### Dataset extract
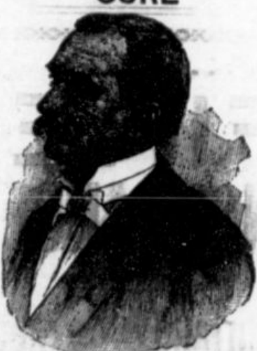
(This Picture on Every Bottle)
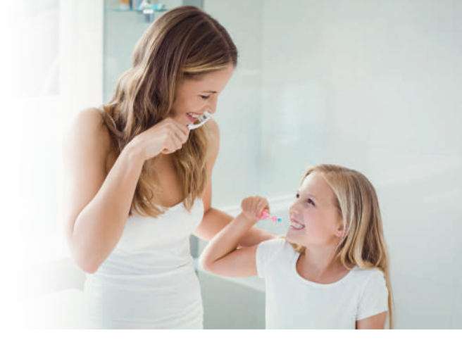
Life is better with a smile

Start saving and enjoy a comprehensive assistance in your language to achieve your best smile:
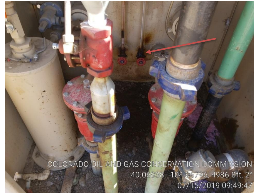
Pic 11 stained soil in separator house/possible leak

### Problem description
Transcribe every line from the one containing "Start saving and" to the end of the listing, exactly and exclusively. Do not carry any picture over.

### Answer to the problem
Start saving and enjoy a comprehensive assistance in your language to achieve your best smile:
Pic 11 stained soil in separator house/possible leak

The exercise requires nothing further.